Plaintiff collaterally estopped because he was previously denied standing in a forfeiture action

GEORGE H. NASON, INDIVIDUALLY & AS TRUSTEE OF THE CHURCH STREET REALTY TRUST v. C & S HEATING, AIR, & ELECTRICAL, INC. AND O’BRIEN HEATING & AIR, INC. (Tenn. Ct. App. April 30, 2009).

Plaintiff appeals summary judgment granted on claims for breach of contract, unjust enrichment and entitlement to quantum meruit relief. The trial court dismissed the complaint based on the doctrine of collateral estoppel finding Plaintiff’s claims or rights to the same property were finally adjudicated in federal court. We affirm.
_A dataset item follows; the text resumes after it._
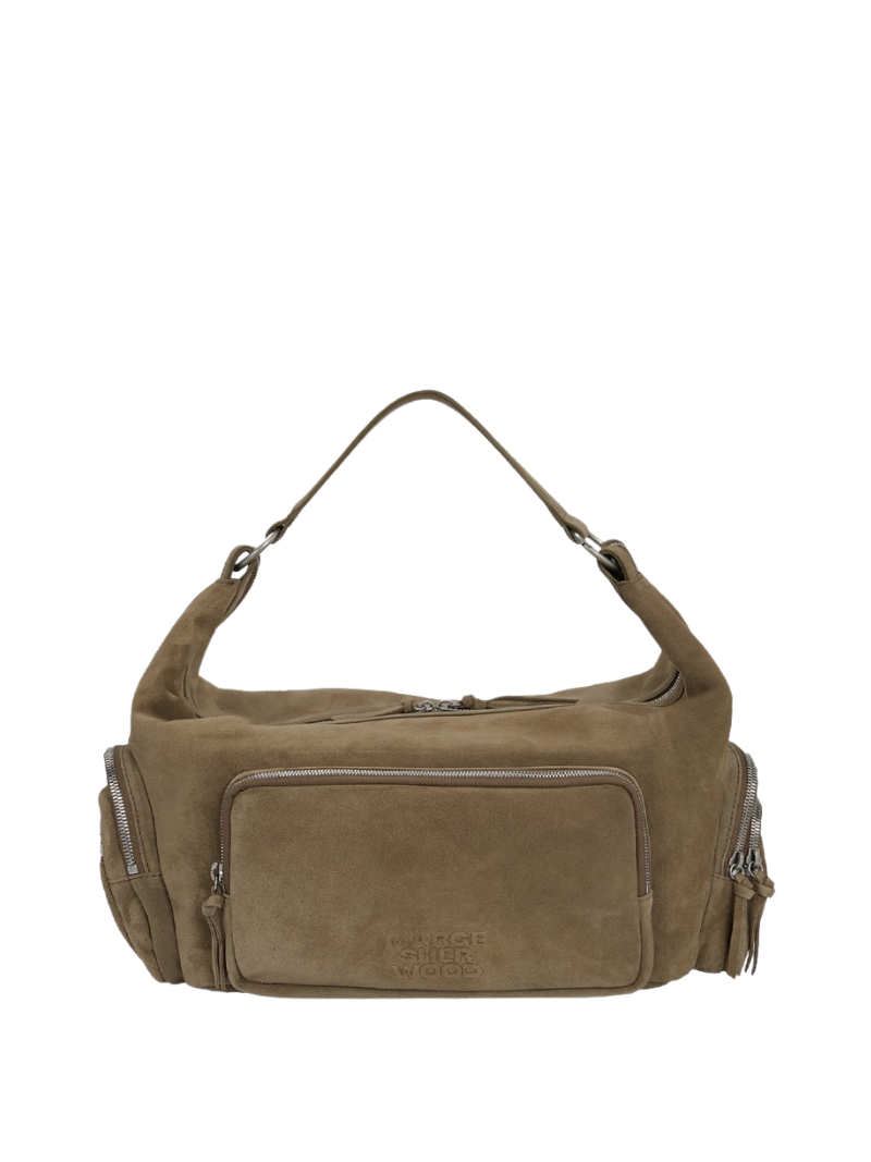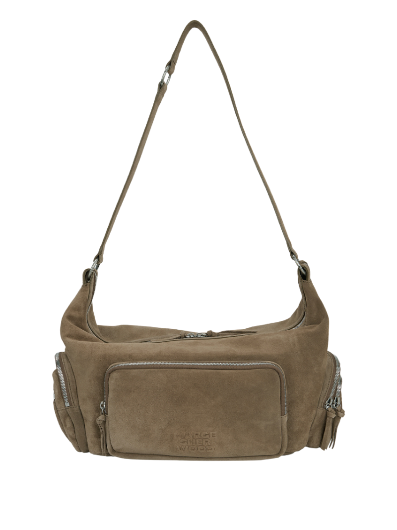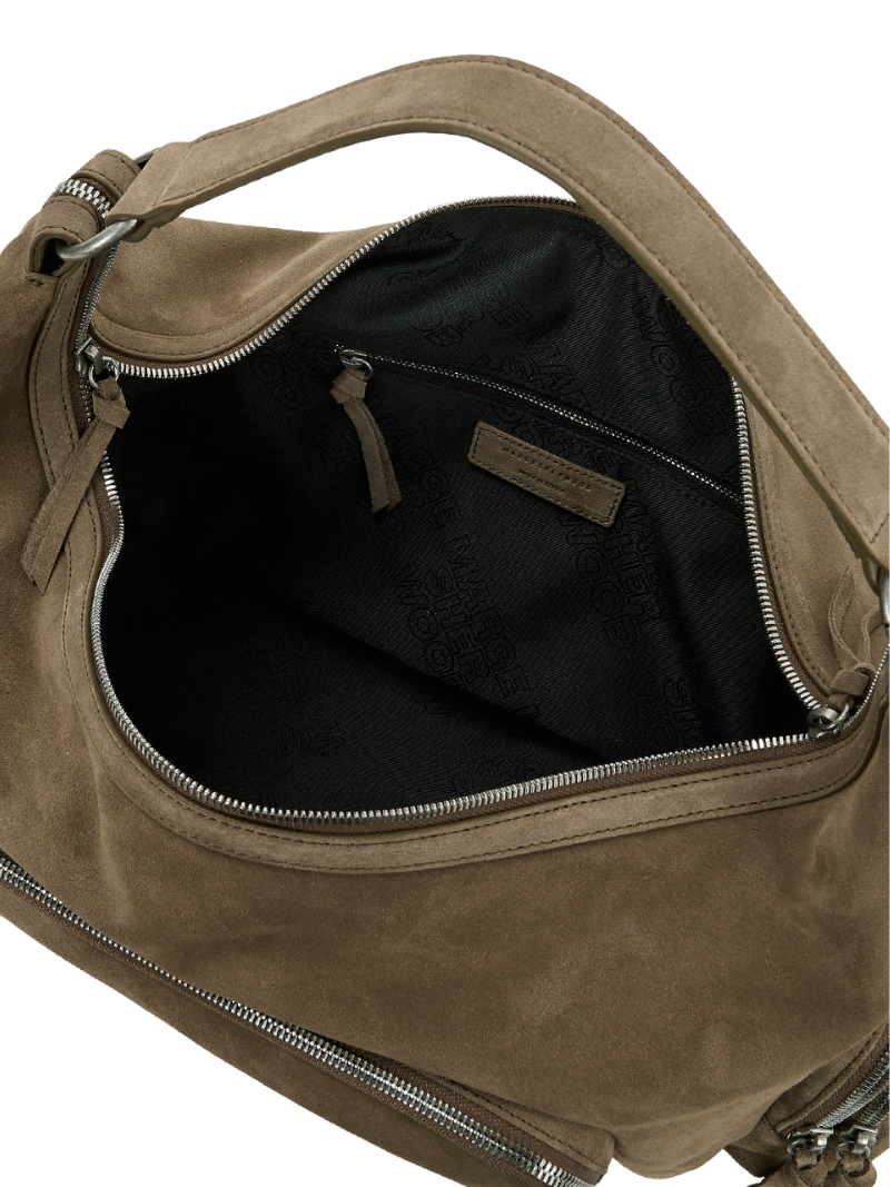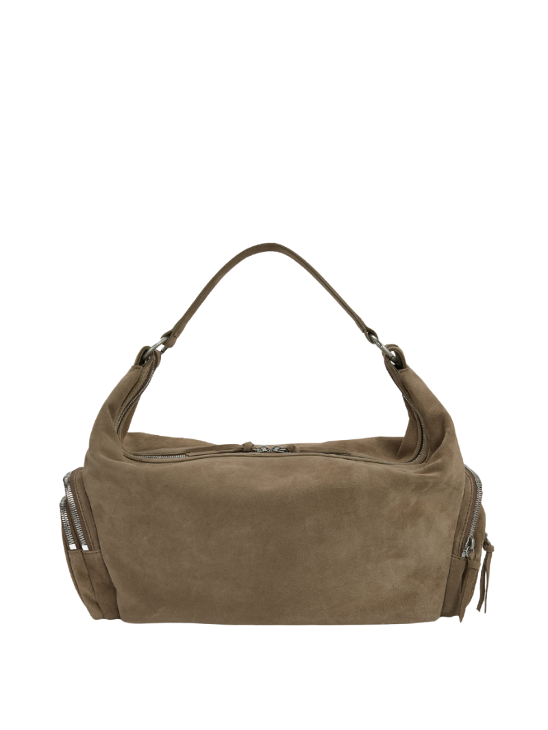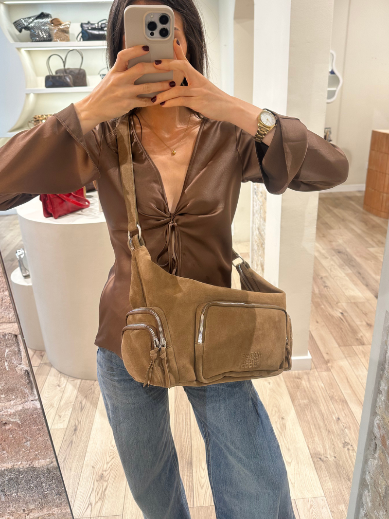 Suede hobo bag in cappuccino. This model It stands out for its structured design in soft suede, which provides a warm texture and a sophisticated feel. The suede finish offers a vintage touch and is incredibly soft to the touch.

Opinion may be found at the TBA website:
http://www.tba2.org/tba_files/TCA/2009/nasong_043009.pdf

”In this case, the district court found that Mr. Nason had the necessary standing under Article III but did not have the requisite statutory standing to challenge the forfeiture because he failed comply with Rule C(6) after sufficient constructive notice of the action was given. Mr. Nason’s inability to proceed as a party to the forfeiture action was a problem of his own making. Several attempts were made to personally serve Mr. Nason with notice in addition to the published notices. Despite Mr. Nason’s belief that the breach of contract claims do not arise from or relate to the forfeiture action, the time to challenge the validity of Appellees’ liens and claimed interest in the property was during the civil forfeiture action. Mr. Nason cannot now assert his position on a claim that was settled between the Appellees and the government and approved in a final order of the district court by filing a second suit, regardless of whether the first action was in rem or in personam. Examination of the previous action shows that Mr. Nason had a full and fair opportunity to litigate the issues he now seeks to raise but failed to timely act to use that opportunity when he failed to file an answer or statement of interest. Balancing the concerns of judicial efficiency and fairness to the parties, we find that Mr. Nason is subject to preclusion by collateral estoppel since he could have become a party to the prior litigation.” Id.